The Court also cited evidence in the form of Facebook posts and messages from Robertson, body-cam footage and testimony from officers on scene at the Capitol that day. Cooper said, “In short, a jury could rationally conclude that Robertson knowingly entered a dangerous, volatile situation, and, rather than leave, he joined in and supported the chaos... Looking at the entire events of the day, Robertson’s preparation for and participation in them, and his statements revealing how he viewed his own actions that day, the evidence supports the jury’s verdict on count 1.”

As for the stick Robertson could be seen carrying on January 6, and which became a big point of contention during trial, the Court reminds us Robertson was indicted for carrying, but not using, a large wooden stick. The Court believes there was sufficient evidence presented at trial that supported the jury finding that “Robertson carried the stick with an intent to use it in a manner capable of causing serious injury.”
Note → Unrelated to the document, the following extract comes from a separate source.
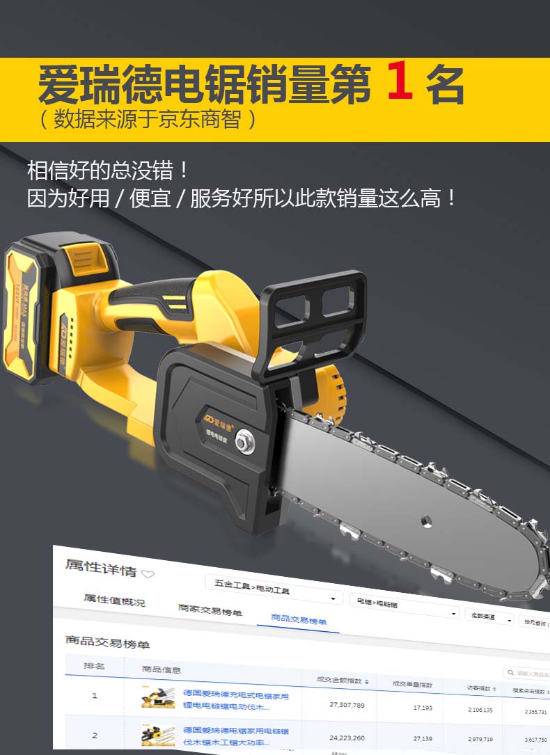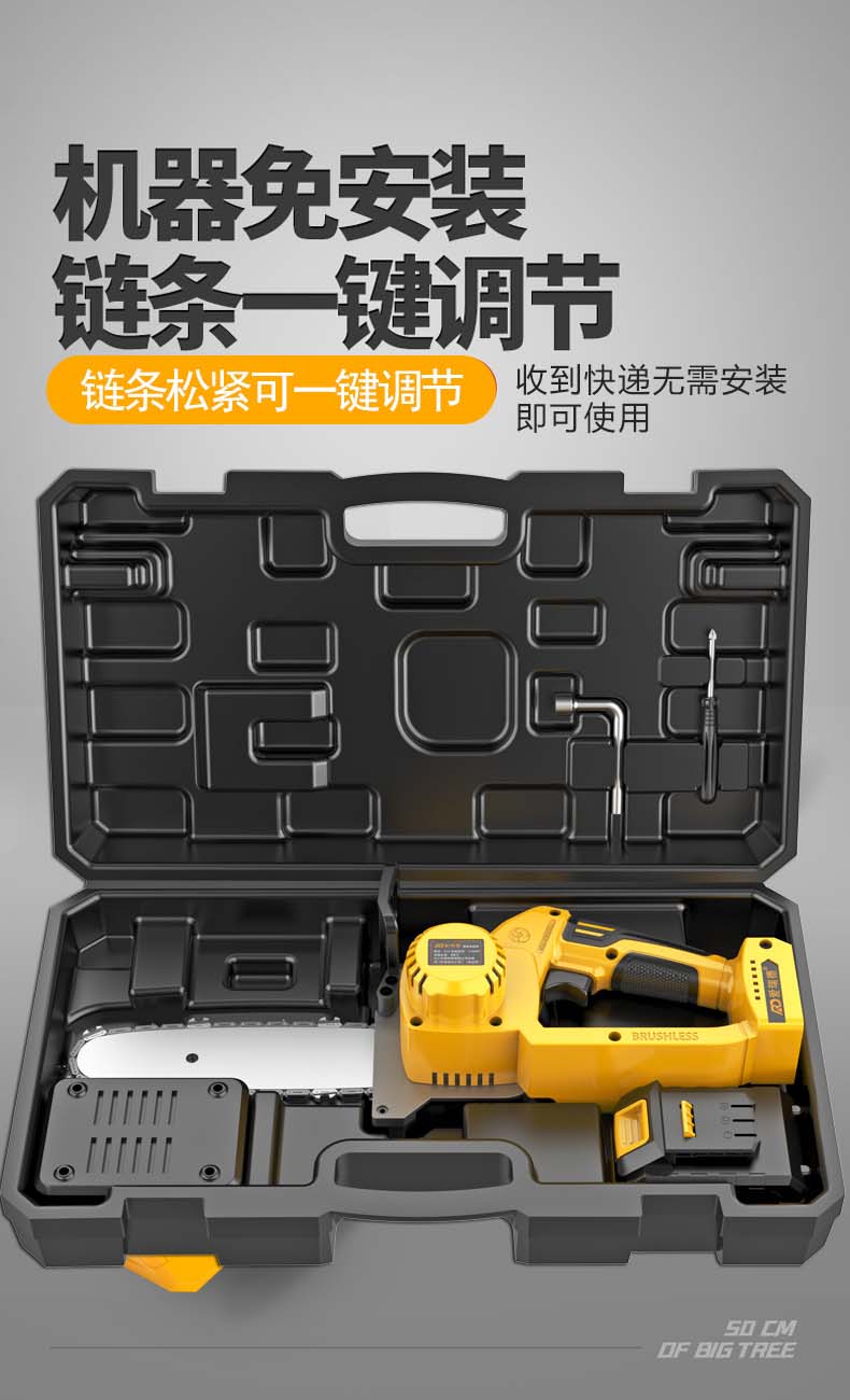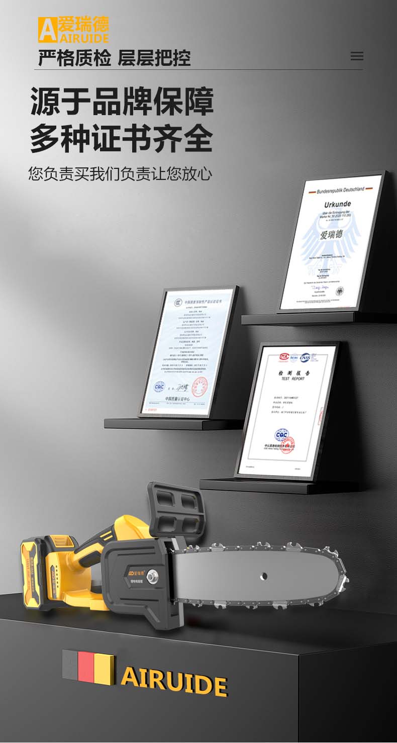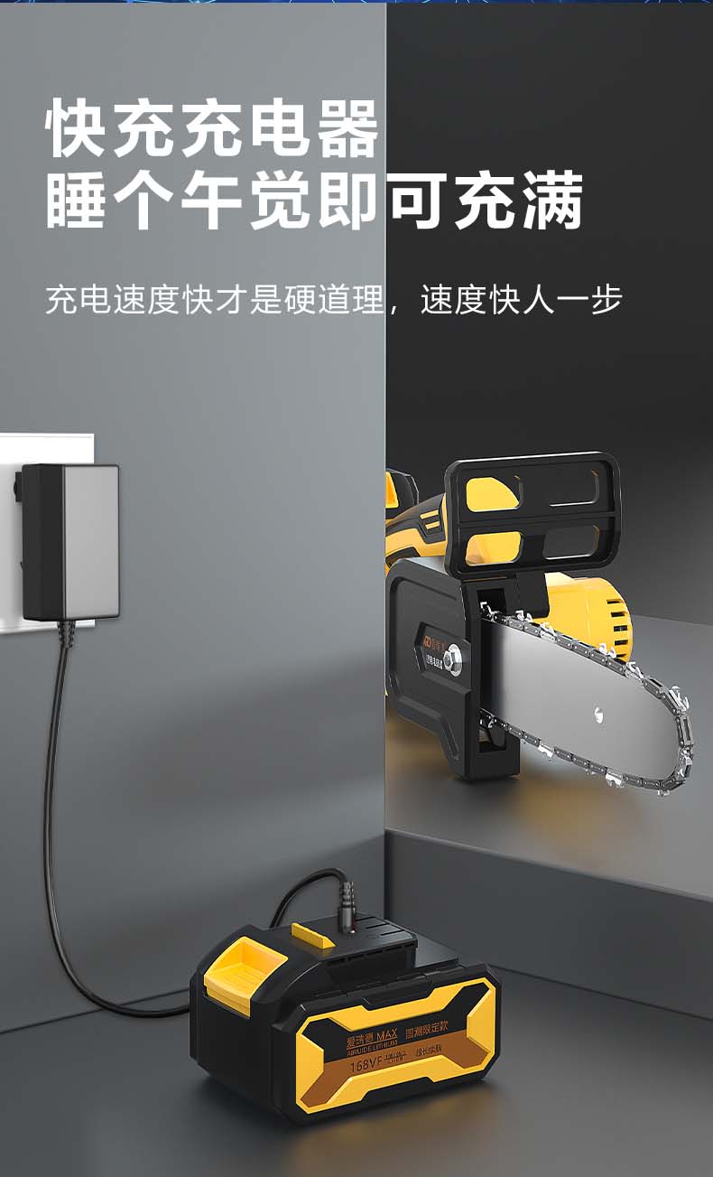 德国爱瑞德无刷充电电锯家用电链锯锂电伐木锯果园修枝单手锯切割机 电动工具 168VF星耀锂电锯(二电一充)

Cooper concluded that testimony form officers, including Robertson’s co-defendant former Rocky Mount Police Officer Jacob Fracker, showed “that port arms is a position where an officer holds an object, usually a baton, in front of the chest as a means to block or push people back.”

Robertson is set to appear for his sentencing August 11.

Fracker, who pleaded guilty to his charges, is set to set to be sentenced August 16.

*(c)Whoever corruptly—(1) alters, destroys, mutilates, or conceals a record, document, or other object, or attempts to do so, with the intent to impair the object’s integrity or availability for use in an official proceeding; or

(2) otherwise obstructs, influences, or impedes any official proceeding, or attempts to do so,

shall be fined under this title or imprisoned not more than 20 years, or both.